- _Data for the task_
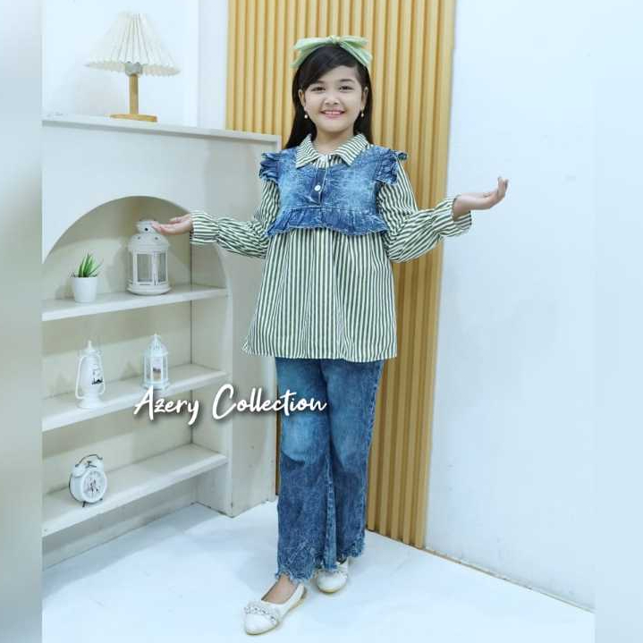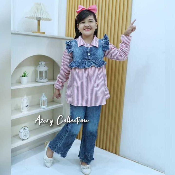 Baju Setelan Anak Perempuan 3-9 Tahun, Baju Kemeja Salur dan Celana Jeans Cutbray - Fashion
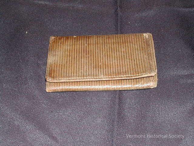 Striped leather trifold wallet. It opens to show 3 interior pockets, one of which is printed with the label, "Capitol City Press". Inside one of the pockets are 5 calling cards printed with the name "Mr. Dorman B. E. Kent".
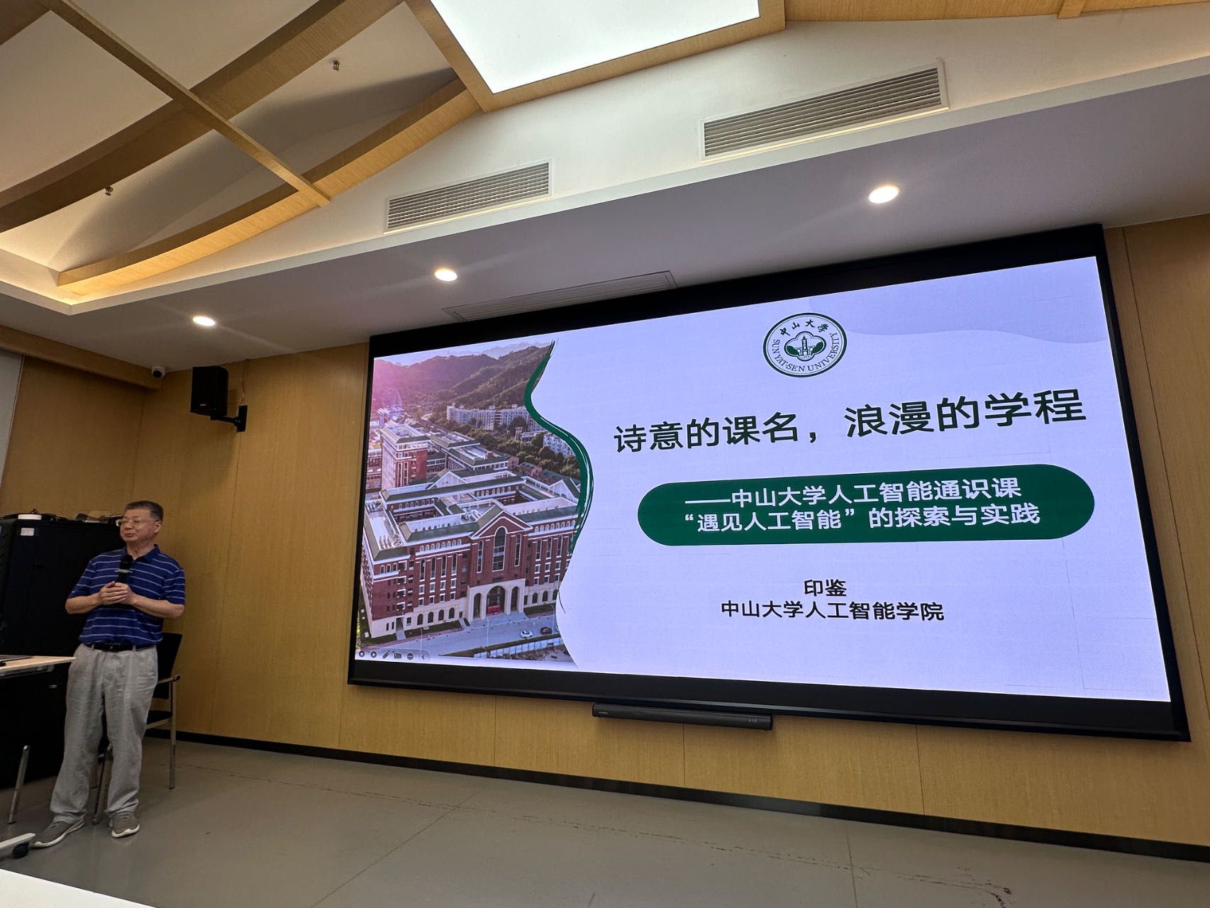 研修班邀请了人工智能领域的多位知名专家学者进行专题分享。由中山大学人工智能学院印鉴教授围绕人工智能的发展历程、核心技术与未来趋势作了深入浅出的报告,为通识课程的知识体系构建提供了理论支撑。中山大学人工智能学院曾丹副教授则聚焦教学实践,分享了她在人工智能课程设计、课堂互动及学生项目指导方面的宝贵经验。中山大学计算机学院赖韩江副教授通过具体案例,演示了如何将算法实践与理论教学相结合,增强学生的学习兴趣和动手能力。几位专家的讲解既有学术高度,又贴近教学实际,激发了参训教师的广泛思考和热烈讨论。
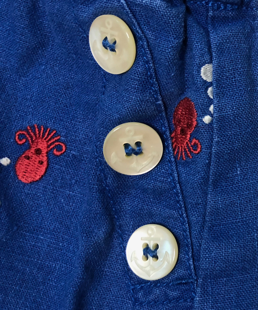 タコさん刺繍が入り、アンカーボタンと流石のBOOFOOWOO(ブーフーウー)、大変お洒落で凝った作りです。
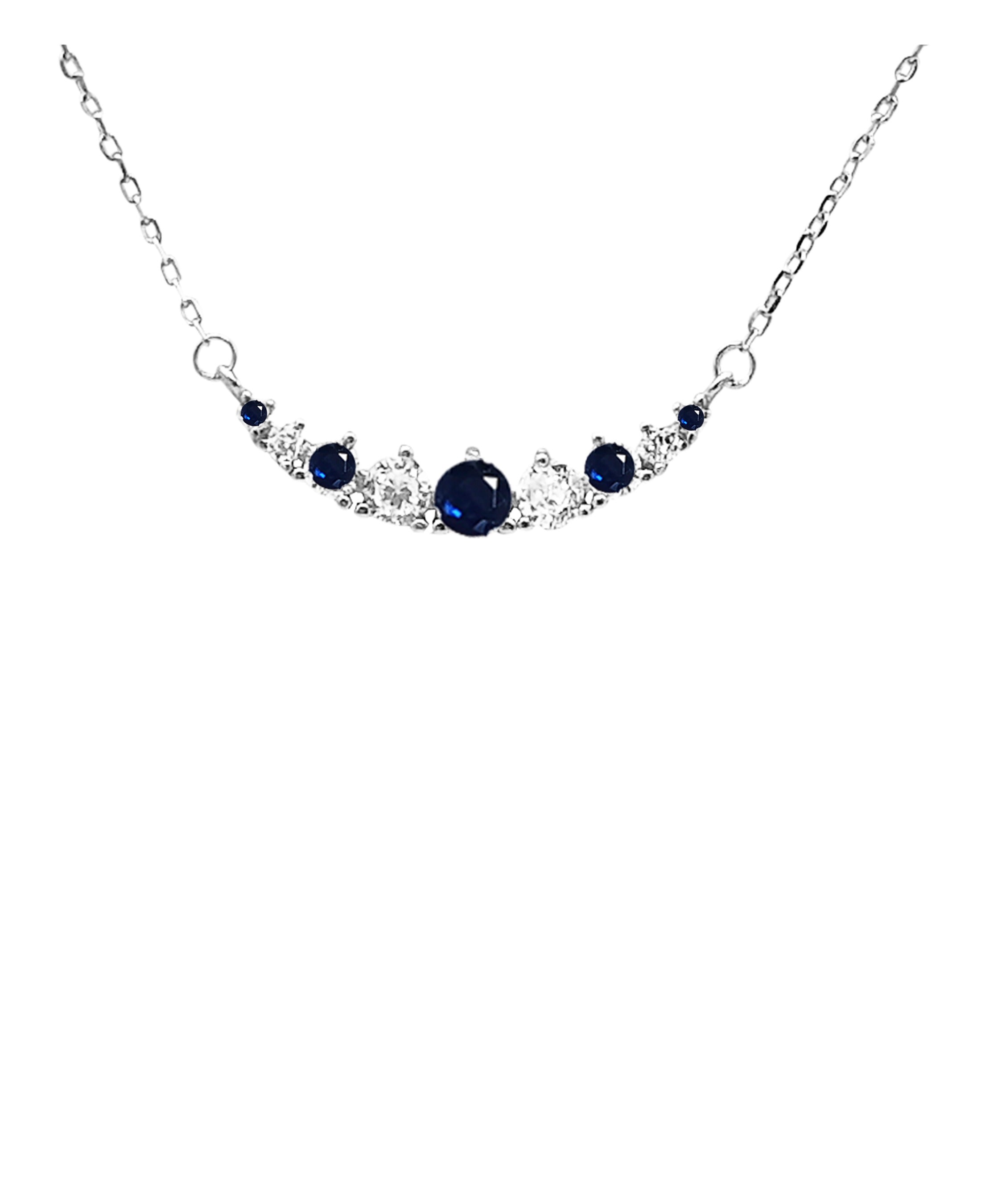 COLLIER EN ARGENT MOTIF COURBE AVEC PIERRES BLANCHES ET BLEUES

- _Your task_
The required output consists only of the lines from the one containing "研修班邀请了人工智能领域的多" to the last line of the material, reproduced exactly, pictures excluded.

- _Response for this exercise_
 研修班邀请了人工智能领域的多位知名专家学者进行专题分享。由中山大学人工智能学院印鉴教授围绕人工智能的发展历程、核心技术与未来趋势作了深入浅出的报告,为通识课程的知识体系构建提供了理论支撑。中山大学人工智能学院曾丹副教授则聚焦教学实践,分享了她在人工智能课程设计、课堂互动及学生项目指导方面的宝贵经验。中山大学计算机学院赖韩江副教授通过具体案例,演示了如何将算法实践与理论教学相结合,增强学生的学习兴趣和动手能力。几位专家的讲解既有学术高度,又贴近教学实际,激发了参训教师的广泛思考和热烈讨论。
 タコさん刺繍が入り、アンカーボタンと流石のBOOFOOWOO(ブーフーウー)、大変お洒落で凝った作りです。
 COLLIER EN ARGENT MOTIF COURBE AVEC PIERRES BLANCHES ET BLEUES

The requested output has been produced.